About 20 years ago, BH had a heart attack and was away from work for a little while, everyone fearing that might be the end of his career. But fortunately for us he bounced back and did some of his greatest performances after that.
All best to the maestro !
I wish Mr Haitink a very happy retirement. I have admired his music making for many years. Not just for Mahler and Bruckner but for his Strauss, Debussy, Schumann, Brahms, Beethoven et al. His wisdom and insight into the music of the masters on the concert stage will be much missed.
Lindsay: you are right to name other composers besides Mahler and Bruckner. He has always been a superb conductor of French music. His Debussy and Ravel are superb and he has done more off-the-beaten track French composers like Roussel.
and even more off the beaten track: Matthias Vermeulen’s 7th Symphony. A wonderful recording from the late 1960s. An angry , but very striking piece which deserves wider exposure.
What is obvious is Maestro Haitink’s legendary and phenomenal musicianship. What is known to those fortunate enough to experience him in the workplace, is that he is an even more extraordinary man. Maestro Haitink led through quiet example while showing genuine interest in all those fortunate enough to come in contact with him. He is a kind, caring man who’s integrity matches his talent and skill. Godspeed to you Maestro Haitink! You were one of few people in the music industry who touched the heart and soul of all his musicians and stagehands.

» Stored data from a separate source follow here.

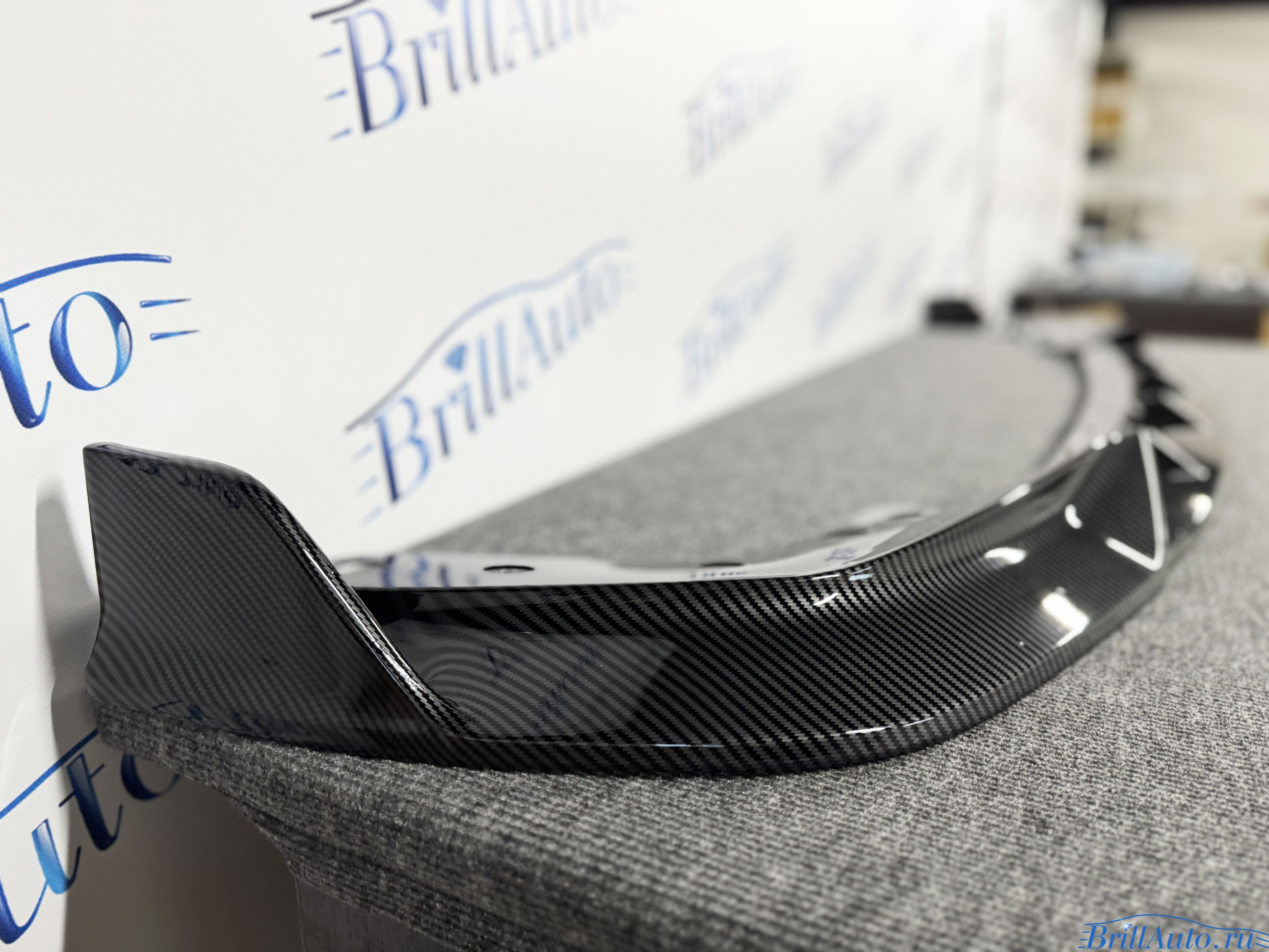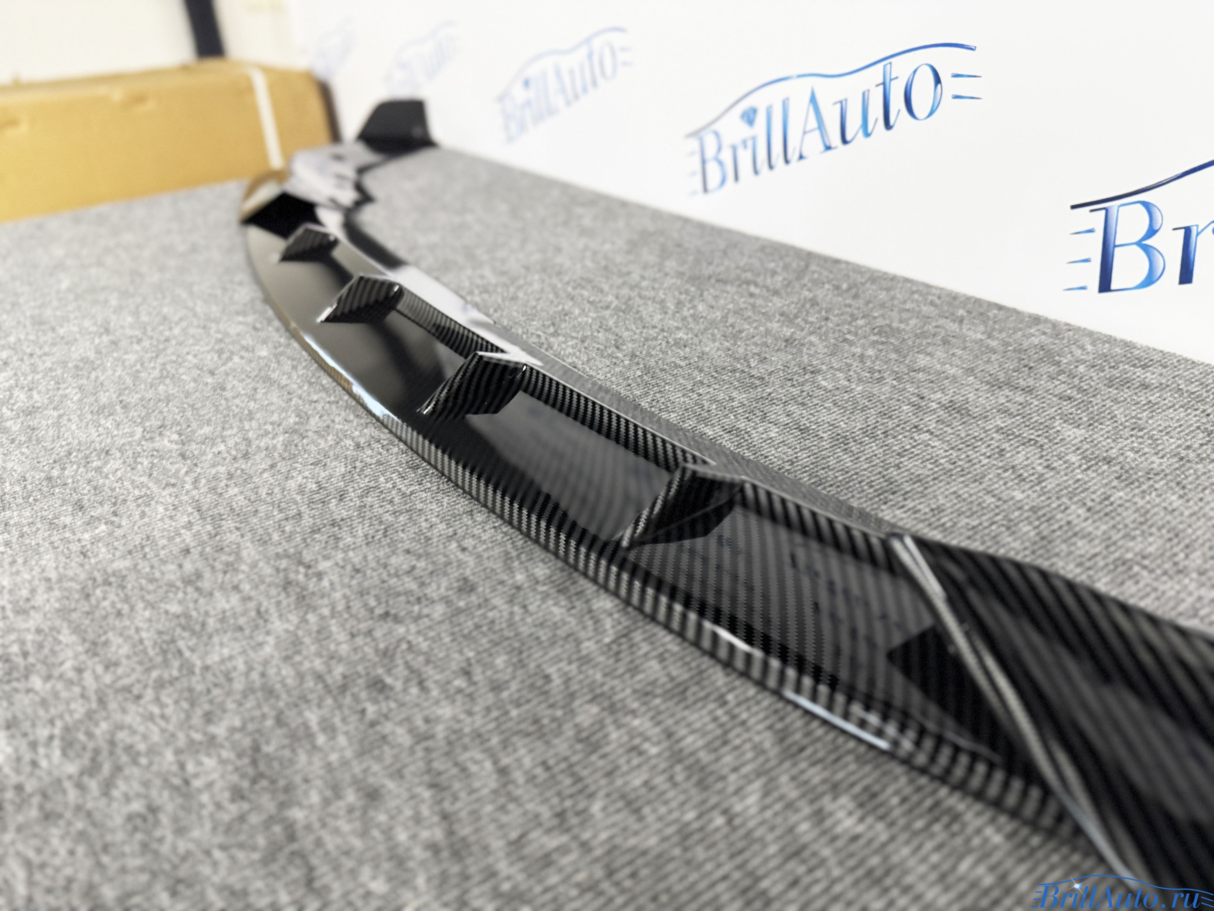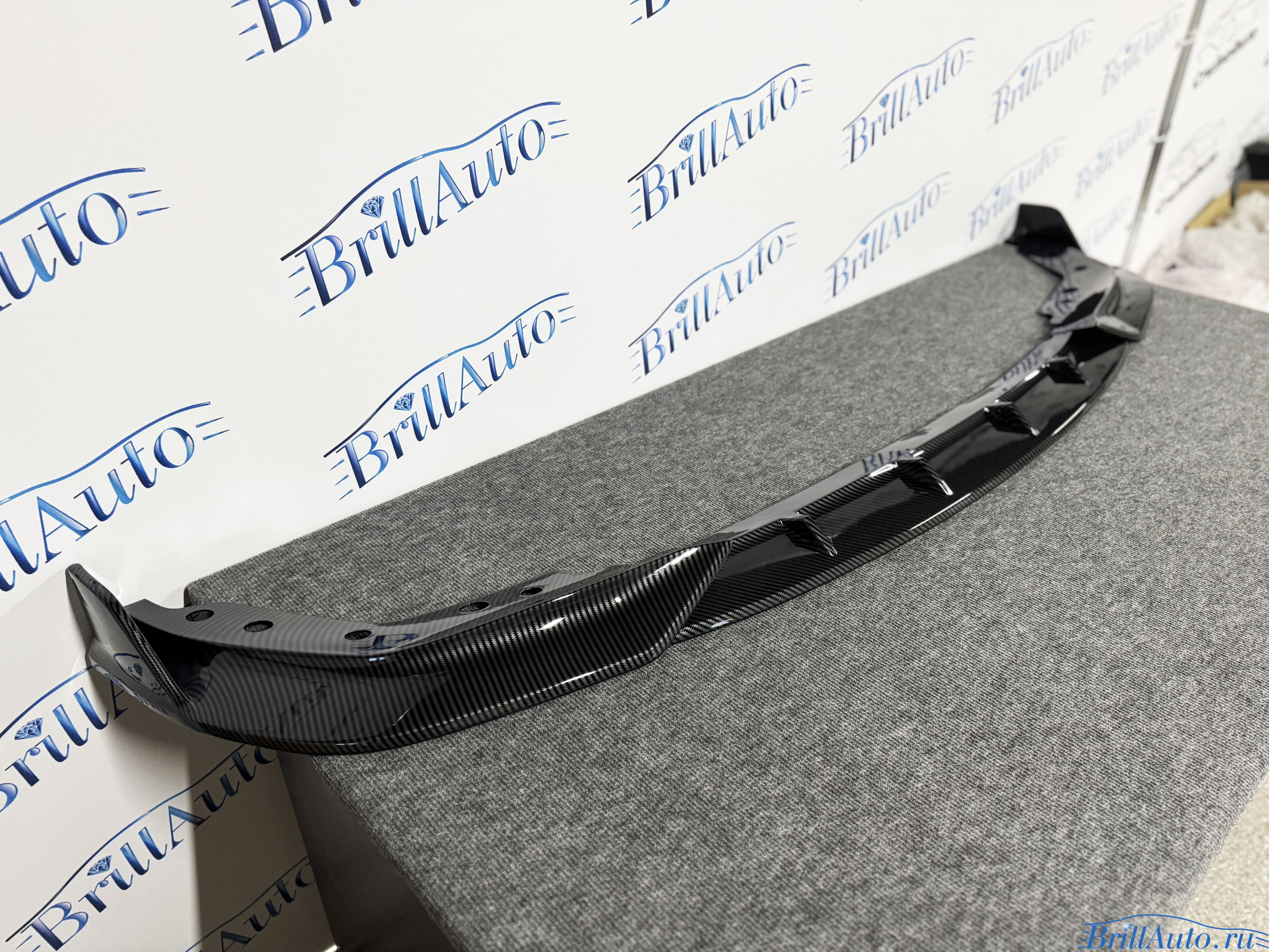 Новый обвес / сплиттер на БМВ 3 G20 в стиле M в цвете под карбон, широкий. Сплиттер на передний бампер BMW G20 M под карбон в широком исполнении подойдет на штатный бампер 2018, 2019, 2020, 2021, 2022, 2023, 2024, 2025 года.
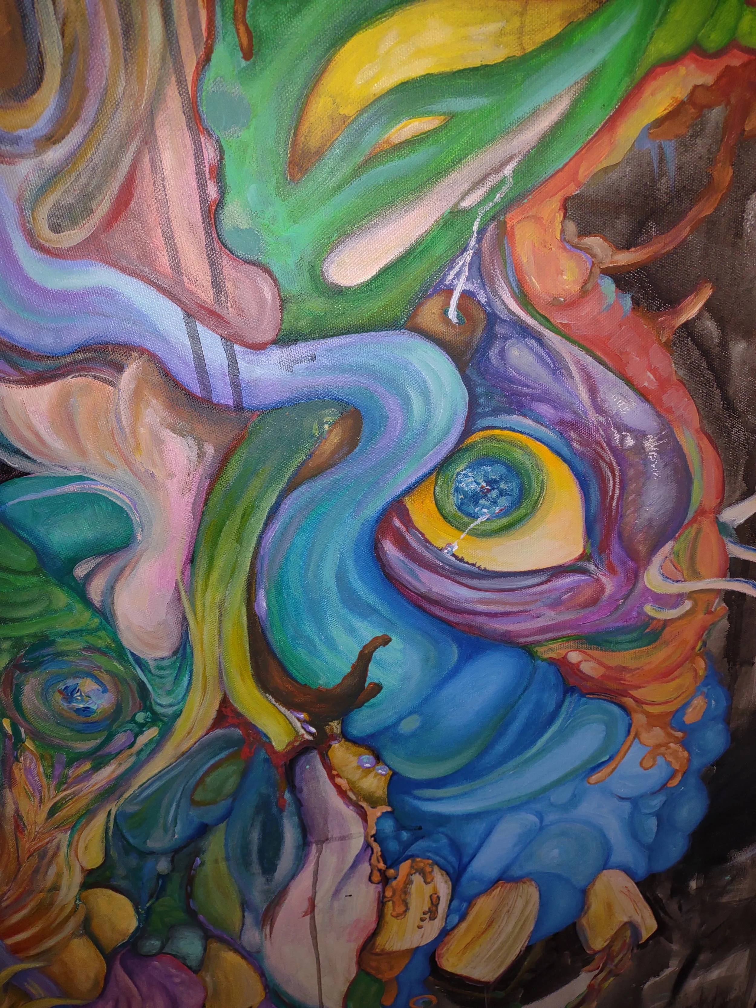 ALMOST ALL PAINTINGS ARE CREATED WITH ACRYLIC PAINT ON CANVAS OF VARIOUS SIZES. STYLISTICLY RANGING FROM; ABSTRACT, SURREALISM, LOWBROW, OUTSIDER, IMPRESSIONISM, GRAFFITI, FINE ART, PSYCHEDELIC, CONTEMPORARY PORTRAITURE, CYBERSIGILISM,OVERALL A SUBLIMATION TOWARD POSITIVITY.
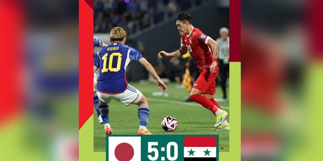 خسر منتخب سورية بكرة القدم أمام مضيفه الياباني بخمسة أهداف دون رد اليوم في الجولة السادسة والأخيرة من دور المجموعات للتصفيات المشتركة لكأس العالم وكأس آسيا.
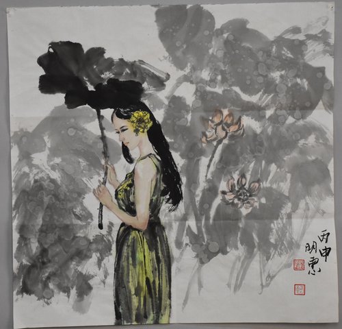 2016邝明惠绘画《荷花仕女》斗方
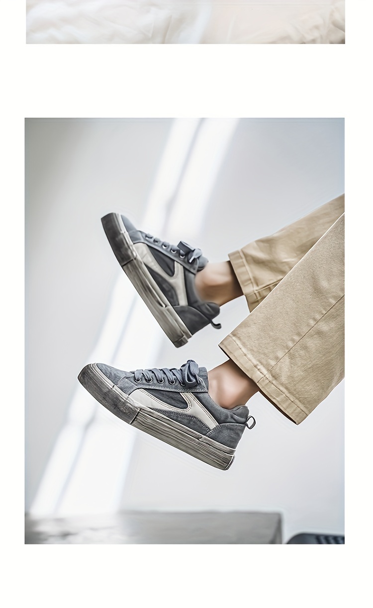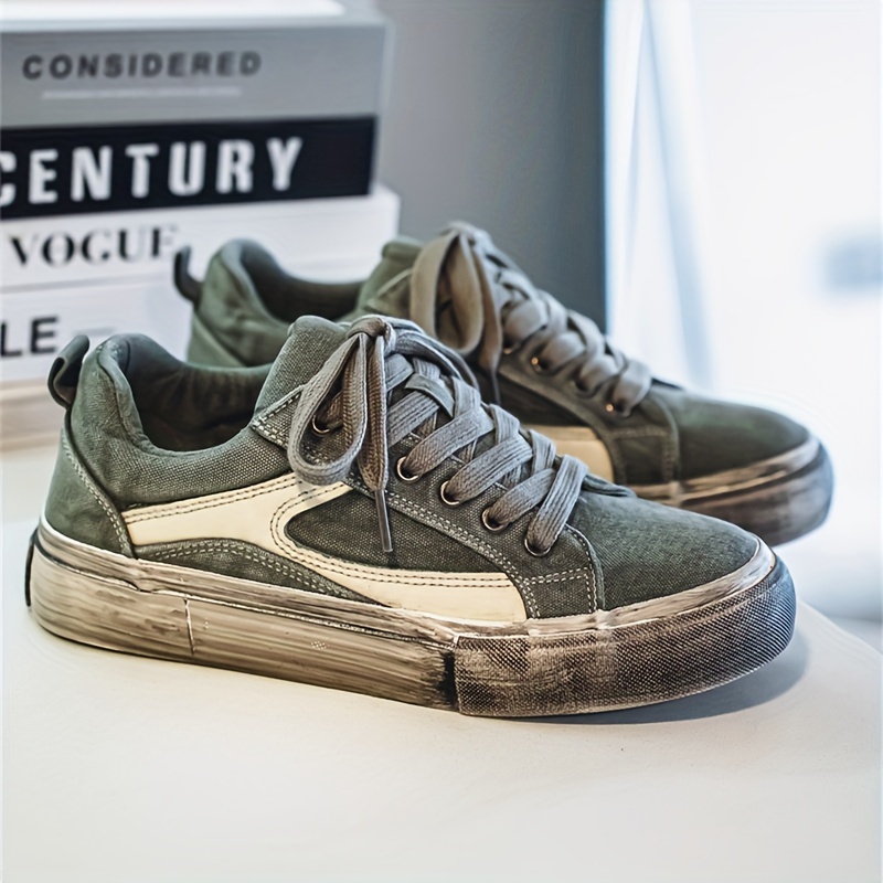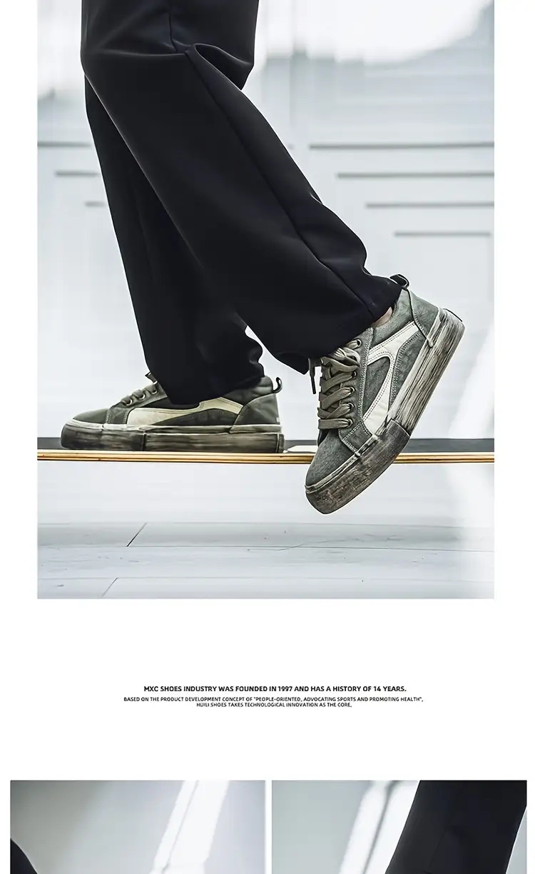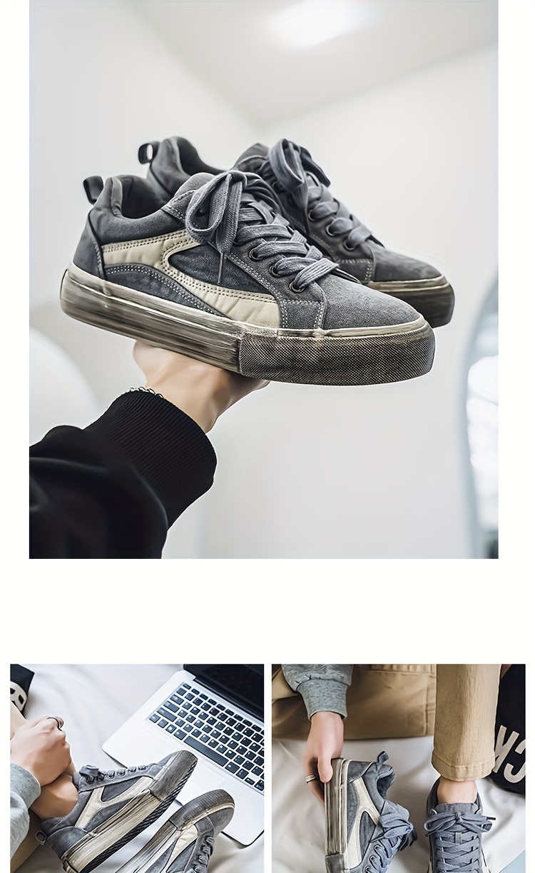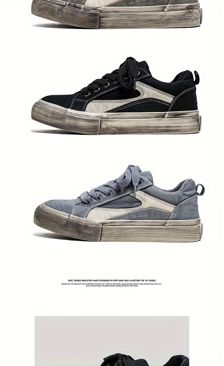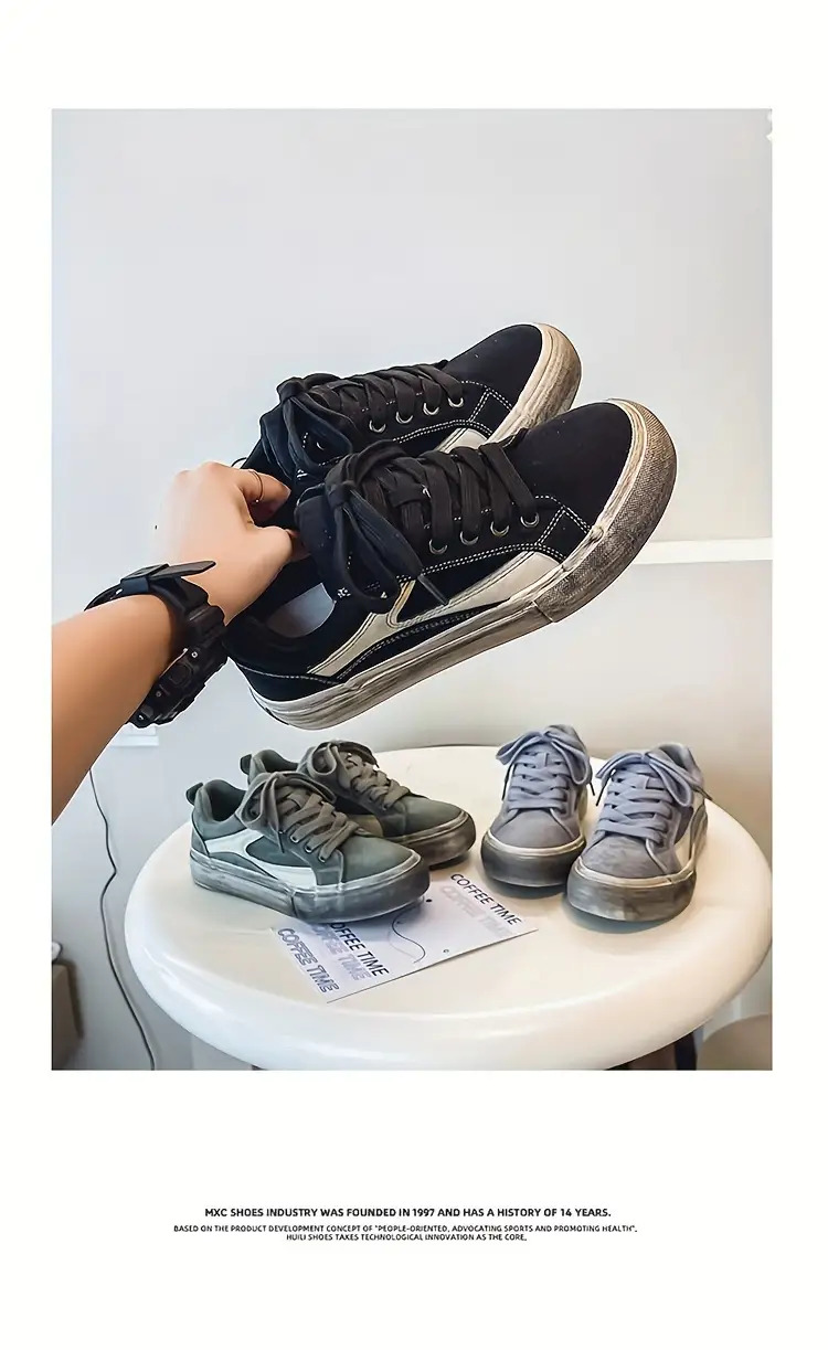 Men's Vintage Distressed Black & White Low-Top Canvas Sneakers - Retro Streetwear Lace-Up Shoes with Durable Rubber Sole & Cushioning, Round Toe Casual Wear Suitable for - (Aged Black/White)

A sample of Haitink’s humility:
Simon Rattle tells the story of how he and Haitink were sitting in a Covent Garden box at a closed Kleiber rehearsal of Otello. When it ended, Haitink turned to Rattle and said: “Well, I don’t know about you, but I think that my studies in this art have only just begun.”
“Yes, that is true,” he [said in 2004]. “I’m not ashamed of saying that. When I have listened to Kleiber, I always think, ‘My God, he knows his scores so well.’ He is a fanatic. He looks at every manuscript and he will dig out every note, every detail, every query.”
The Otello story is evidently from Haitink’s tenure at Covent Garden. Haitink must have been in his late 50s or early 60s. He was one year older than Kleiber.
As a huge Mahler buff, it goes without saying that Bernard Haitink played a major part in my learning to understand and appreciate Mahler’s music, especially in my younger years. His long tenure with the Concertgebouw produced one of the greatest conductor/orchestra collaborations of all time. I wish him all the best.
As a teenager I used to watch the “Kerstmatineen”, (the Christas Matinees) from the Concertgebouw, where the Mahler symphonies 2,3,4,5,7 and 9 were broadcasted through Eurovision.
I was always impressed by the orchestra’s phenomenal virtuosity, its dark, burnished, full round mighty sound and Maestro Haitink’s elegance and full command, aswell as his combination of subdued integrity and burning passion. Those wonderful matinees are at full display on the Tube. He has by the way a very special kind of funny dutch sense of humor!
Those are not ‘The Highlights’. Those are only a few short glimpses into an immense career. Please be a bit more respectful, even with us knowing your headline department always runs on drugs.
I’m disappointed that the videos are not in English or with English sub-titles. I really would have enjoyed watching them.
The second and third videos are in English.
I most recall a radio concert I heard in the late 90s. The announcer related that Haitink had previously left the Concertgebouw under unpleasant circumstances but that this reunion was highly anticipated none-the-less.
It was the Bruckner 8, the most impressive rendition I’ve heard.
Oddly, BH did not perform much of Mendelssohn, Dvorak, Schubert or Sibelius. Were they not to his taste, I wonder?
He did perform the entire A Midsummer Night’s Dream and D.944 and D.485 with the CSO. Those were absolutely wonderful performances.